DIRECTIONS FOR THIS TASK → Omit the pictures, and output the rest of the entries exactly as written.

Data extracted from a collection
□ □ □ □

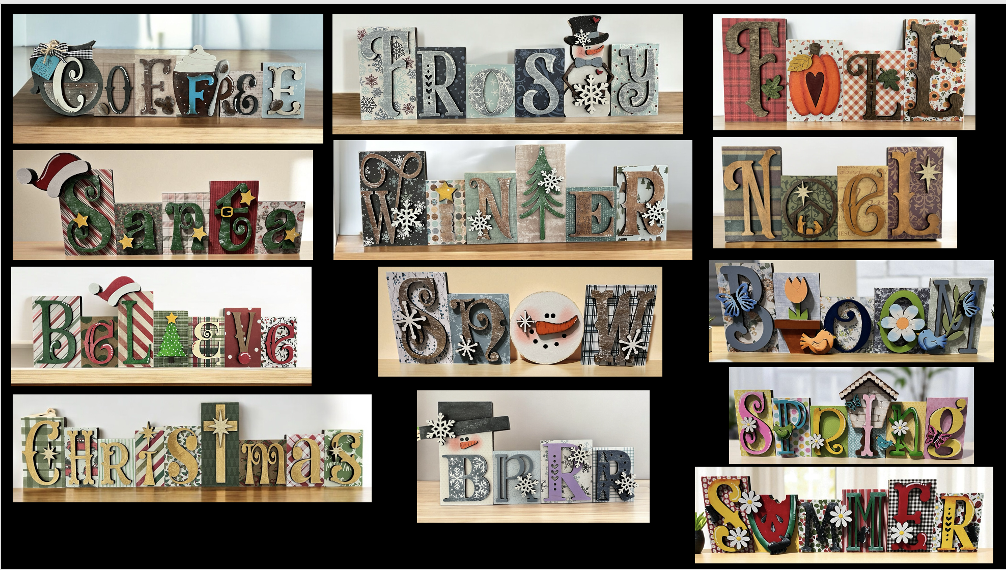 Take a Vintage Holiday Journey with our Create a cute word art shelf sitter to display in your home or gift to a special friend or secret sister! Choose from several different designs - seasonal and holiday choices. All word art shelf sitters are painted - but you'll be surprised at how easy and quick they are to paint!
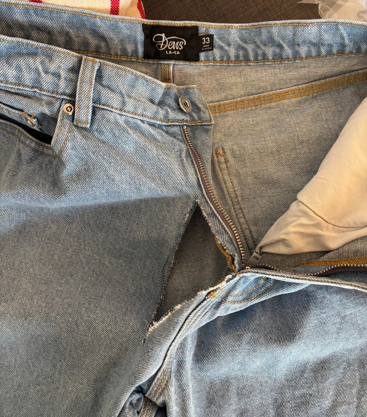 We repair the area by placing a patch underneath and stitching on the outside, carefully working around the metal zip. This reinforces the fabric and keeps the repair strong and durable while the patch inside ensures comfort while wearing.
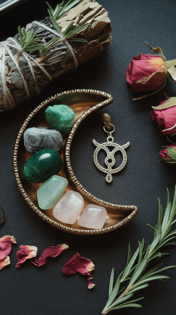 - Add Taurus-related crystals like jade, malachite, or rose quartz.
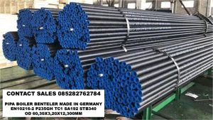 Pipa boiler benteler OD 60 merujuk pada pipa baja seamless (tanpa sambungan las) dengan diameter luar (OD) 60 mm, lebih spesifik biasanya 60.3 mm, digunakan untuk aplikasi tekanan dan temperatur tinggi seperti pada boiler, perpipaan industri, dan transfer energi, dengan grade baja umum seperti P235GH (EN 10216) atau ASTM A192, tersedia dari merek ternama seperti Benteler dan diproduksi sesuai standar internasional untuk menjamin kekuatan dan ketahanan korosi.
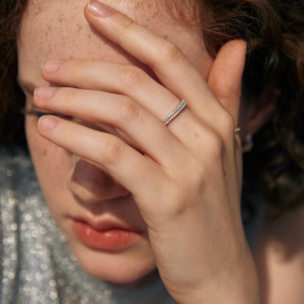 [925 silver] Cinq.silver.210 / anse dew ring is a silver ring designed for comfortable wear, characterized by its thickness. Made with a stone ring set in V-DIA, it enhances a subtle glow when worn, creating a simple yet tasteful mood. The design fits well on any finger from the thumb to the ring finger, making it ideal for wearing on both hands or stacking two together.
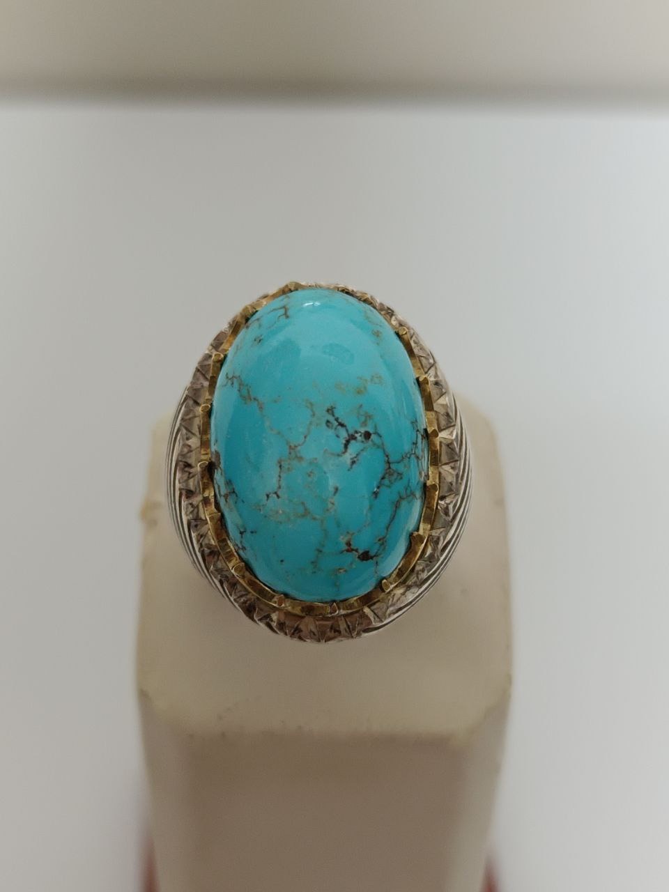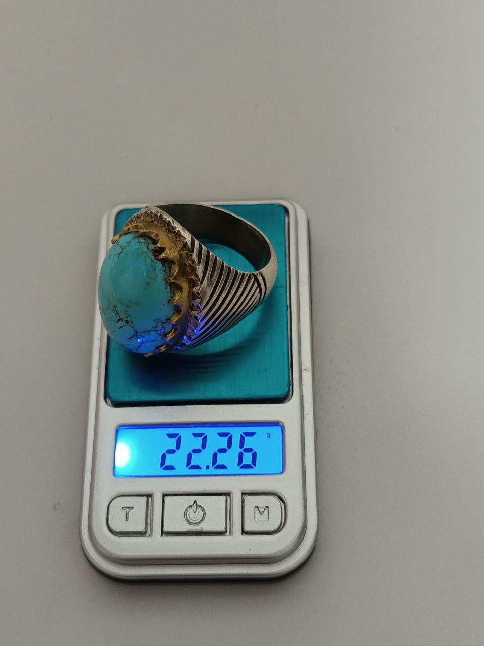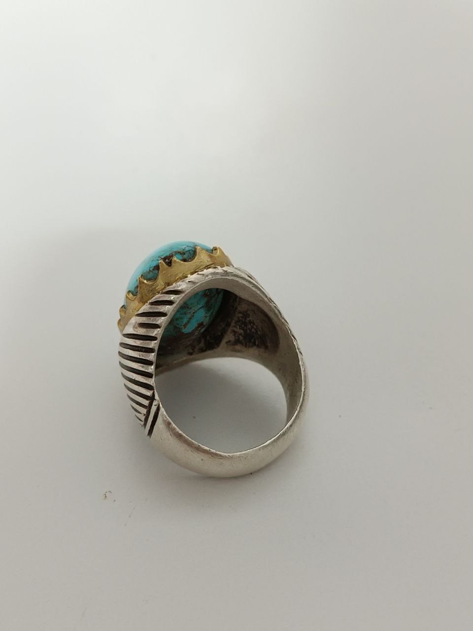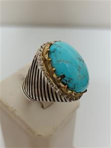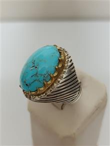 انگشتر نقره  فیروزه درشت تمام مغز آبی نیشابور
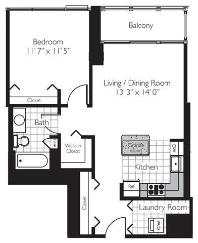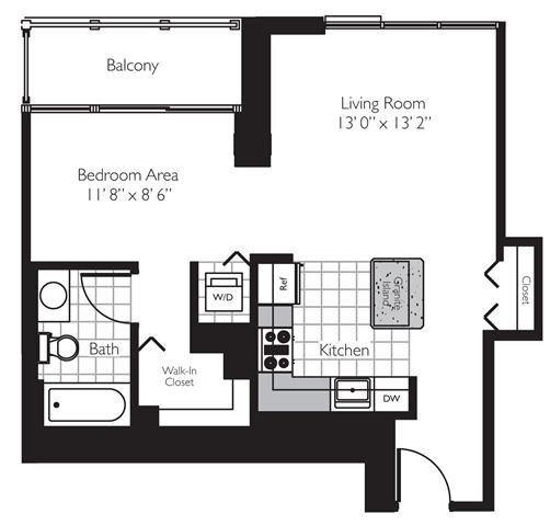 Studio, 1 Bath, 500 sq ftModel Gallery
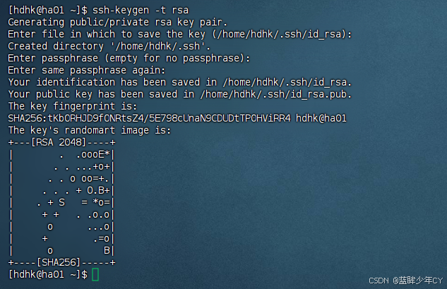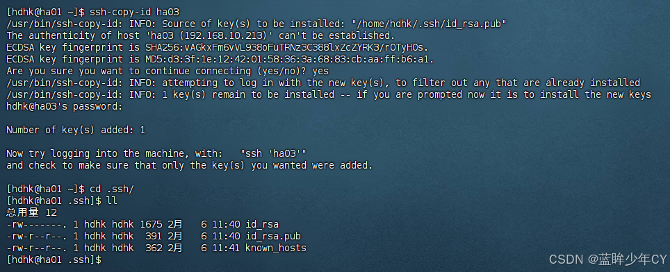 在ha01上执行,之后在ha01上可以免密登录到ha02和ha03上
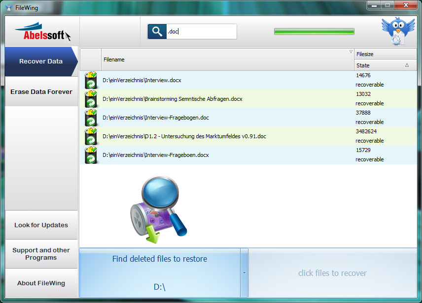 Abelssoft FileWing vám může pomoci obnovit nechtěně smazané soubory a také umí nechtěné soubory několikrát přepsat aby je již nebylo možné znova obnovit.
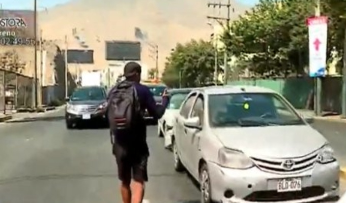 De manera matonesca un ciudadano extranjero que se gana la vida como limpiaparabrisas agredió a un conductor que se negó a recibir el servicio del sujeto en Surquillo.
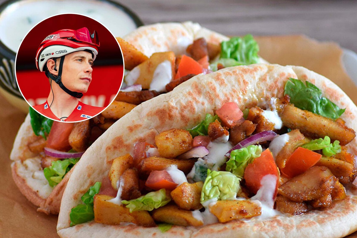 En este caso, explicaba Lambrecthse a NOS, lo que hace para satisfacer el mono de Vingegaard es freír un poco de pollo con las típicas especias shawarma, habituales en los kebabs, y envolviéndolo en un wrap con lombarda, cebolla y salsa de ajo.
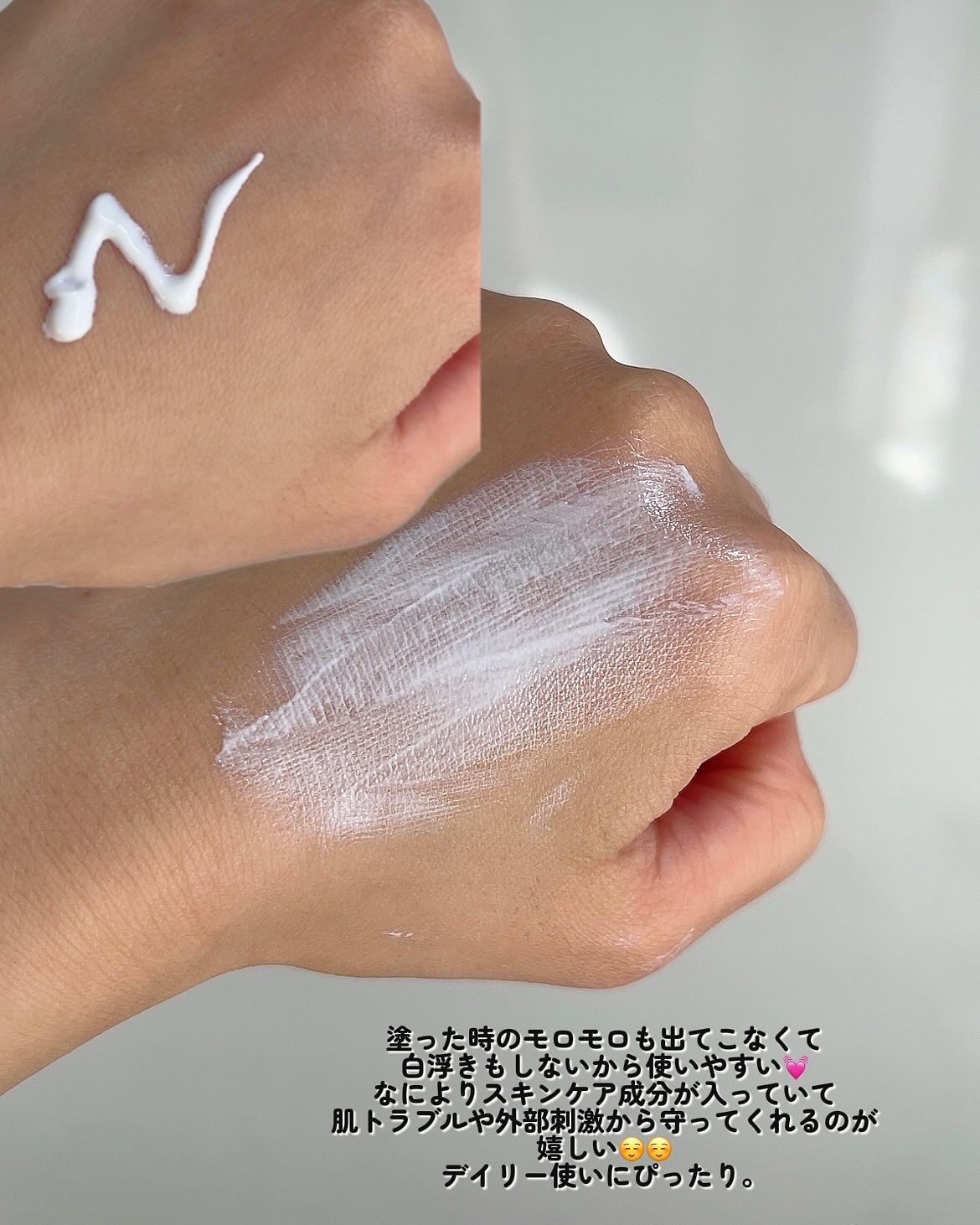 肌への負担は少なく 焼かない日焼け止めとして人気です ピーチベースなので、自然に肌をトーンアップさせてくれる化粧下地としても使える日焼け止めです🧏🏼♀️ 無機系(紫外線散乱剤)の日焼け止めなので肌で光を跳ね返し紫外線が肌に吸収しにくく 塗った瞬間から紫外線を反射してくれます スキンケア成分もたくさん起合しておりツボクサやドクダミは、肌の温度を下げるので肌荒れや肌トラブルを抑え 敏感な肌を外部の刺激から守ります☀️
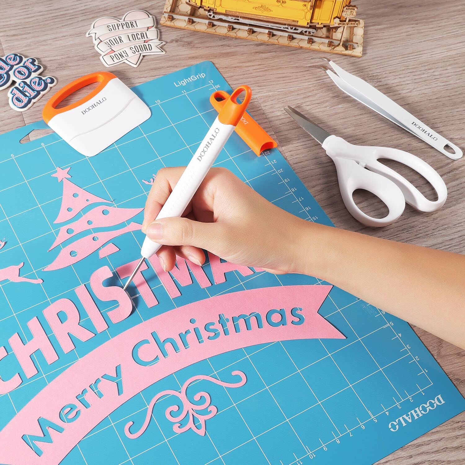 DOOHALO Brayer Roller Vinyl Weeding tools for Cricut Tools Crafting Basic Accessories Set Kit for Silhouette Weeding scraper spatula tweezers scissors basic tools bundle for sewing

□ □ □ □

OUTPUT OF THE EXERCISE →
 Take a Vintage Holiday Journey with our Create a cute word art shelf sitter to display in your home or gift to a special friend or secret sister! Choose from several different designs - seasonal and holiday choices. All word art shelf sitters are painted - but you'll be surprised at how easy and quick they are to paint!
 We repair the area by placing a patch underneath and stitching on the outside, carefully working around the metal zip. This reinforces the fabric and keeps the repair strong and durable while the patch inside ensures comfort while wearing.
 - Add Taurus-related crystals like jade, malachite, or rose quartz.
 Pipa boiler benteler OD 60 merujuk pada pipa baja seamless (tanpa sambungan las) dengan diameter luar (OD) 60 mm, lebih spesifik biasanya 60.3 mm, digunakan untuk aplikasi tekanan dan temperatur tinggi seperti pada boiler, perpipaan industri, dan transfer energi, dengan grade baja umum seperti P235GH (EN 10216) atau ASTM A192, tersedia dari merek ternama seperti Benteler dan diproduksi sesuai standar internasional untuk menjamin kekuatan dan ketahanan korosi.
 [925 silver] Cinq.silver.210 / anse dew ring is a silver ring designed for comfortable wear, characterized by its thickness. Made with a stone ring set in V-DIA, it enhances a subtle glow when worn, creating a simple yet tasteful mood. The design fits well on any finger from the thumb to the ring finger, making it ideal for wearing on both hands or stacking two together.
 انگشتر نقره  فیروزه درشت تمام مغز آبی نیشابور
 Studio, 1 Bath, 500 sq ftModel Gallery
 在ha01上执行,之后在ha01上可以免密登录到ha02和ha03上
 Abelssoft FileWing vám může pomoci obnovit nechtěně smazané soubory a také umí nechtěné soubory několikrát přepsat aby je již nebylo možné znova obnovit.
 De manera matonesca un ciudadano extranjero que se gana la vida como limpiaparabrisas agredió a un conductor que se negó a recibir el servicio del sujeto en Surquillo.
 En este caso, explicaba Lambrecthse a NOS, lo que hace para satisfacer el mono de Vingegaard es freír un poco de pollo con las típicas especias shawarma, habituales en los kebabs, y envolviéndolo en un wrap con lombarda, cebolla y salsa de ajo.
 肌への負担は少なく 焼かない日焼け止めとして人気です ピーチベースなので、自然に肌をトーンアップさせてくれる化粧下地としても使える日焼け止めです🧏🏼♀️ 無機系(紫外線散乱剤)の日焼け止めなので肌で光を跳ね返し紫外線が肌に吸収しにくく 塗った瞬間から紫外線を反射してくれます スキンケア成分もたくさん起合しておりツボクサやドクダミは、肌の温度を下げるので肌荒れや肌トラブルを抑え 敏感な肌を外部の刺激から守ります☀️
 DOOHALO Brayer Roller Vinyl Weeding tools for Cricut Tools Crafting Basic Accessories Set Kit for Silhouette Weeding scraper spatula tweezers scissors basic tools bundle for sewing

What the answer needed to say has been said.